Comme chaque année, l’été se pointe et plante un doigt accusateur sur ma paire de fesses légèrement flasque (rapport aux fondues savoyardes hivernales). L’heure du funèbre bilan a sonné :
Dans un élan tout à fait spontané de témérité, je me suis inscrite dans une salle de sport au nom flamboyant : Ze croco club. J’ai bien sûr opté pour l’abonnement annuel.
- Ce sera un bon moyen de m’y tenir, ai-je affirmé, toute lucidité m’abandonnant temporairement.
Premier cours de Body Sculpt ( nom barbare pour dire que tout ton body souffre le martyre pendant l’heure la plus interminable de ta vie) :
L’enseignant qui ressemble farouchement à Hulk (version non verdâtre) nous somme de choisir deux poids d’un kilo à attacher aux chevilles. J’ai l’impression d’être un bagnard du temps jadis. Un son dance-floor tout droit sorti des brumes des années 90 emplit la salle : « Pompelop, you’ve got to pompelop ». Et c’est parti dans la plus intense des allégresses pour le remodelage du fessier. Les exercices me paraissent ridiculement simples et hilarants (on imite le chien qui lève la patte, l’acte sexuel… C’est merveilleusement imaginatif). Je suis en totale connivence avec les autres femmes, je suis dans mon élément, je jubile, j’ai le palpitant qui frémit de fierté, j’en ricane d’aise.
Sauf qu’au trentième mouvement, mon ricanement s’est mué en un rictus de souffrance. Je défaille, je souffle comme un bœuf, je suinte comme la gouttière que ma propriétaire n’a jamais fait réparer. Je jette un coup d’œil autour de moi : elles sont toutes en pleine forme et… sourient. Elles ont la peau sèche. Le maquillage intact. Mais comment est-ce possible ? Elles prennent du Guronzan avant la séance. Elles s’entraînent en secret avant de s’inscrire. Elles n’ont même pas le souffle court. Et il y en a une qui DISCUTE en se trémoussant !
Je profite du fait que Hulk ait le dos tourné pour m’affaler un peu. Mais en plus d’avoir les muscles de Mister Malabar, il a un œil de lynx et aperçoit mon pitoyable reflet dans le miroir. Je tremble un peu lorsqu’il s’approche de moi (de ses naseaux sort presque de la fumée) et suis au bord des larmes (à moins que ce ne soit de la sueur) lorsqu’il m’ordonne de passer tout devant, à ses côtés. Les autres rient de moi sans vergogne.

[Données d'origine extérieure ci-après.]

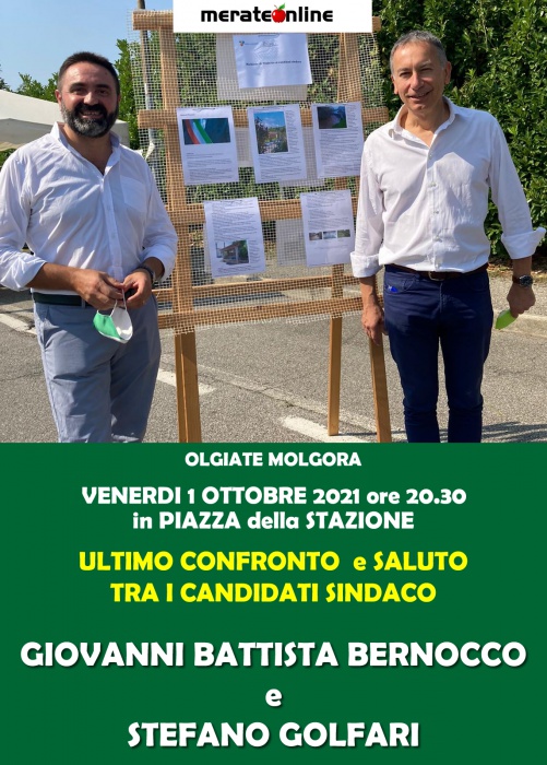 Le due compagini si ritroveranno in uno dei punti principali del paese e i candidati Giovanni Battista Bernocco per "Olgiate Rinasce" e Stefano Golfari per "Olgiate cambia passo" si saluteranno lanciando un ultimo appello agli elettori prima del silenzio imposto dalla normativa.

Je termine la séance lamentablement : au lieu de soulever la jambe, je dresse péniblement le petit orteil. Enfin, le fessier agité de tics nerveux, je claudique vers les vestiaires pour me changer.
Quand soudain, tout s’assombrit. Je me pâme comme Madame de Tourvel et m’effondre tel le mur de Berlin. Quand je reprends mes esprits, je vois l’immonde visage triomphant de Hulk qui m’enfourne un sucre dans la bouche. Je tente bien de le recracher : tous ces efforts ruinés par un carré 100% calories ? Ce n’est pas possible. Mais il a le doigt aussi musclé que le corps et m’oblige à l’avaler. Hagarde, je cherche une excuse plausible à ma faiblesse et murmure :
- Je n’aurais pas dû nager quatre kilomètres avant de venir.
J’ai bien vu l’incrédulité puis les rires réprimés des spectateurs.
J’ai ensuite marché dignement vers la sortie, tel un prince (déchu, oui, mais un prince).
En rentrant (péniblement) chez moi, visualisant mentalement les moelleux coussins de mon canapé, j’ai pris une décision irrévocable : jamais plus je ne sculpterai mes fesses dans cet antre de la douleur.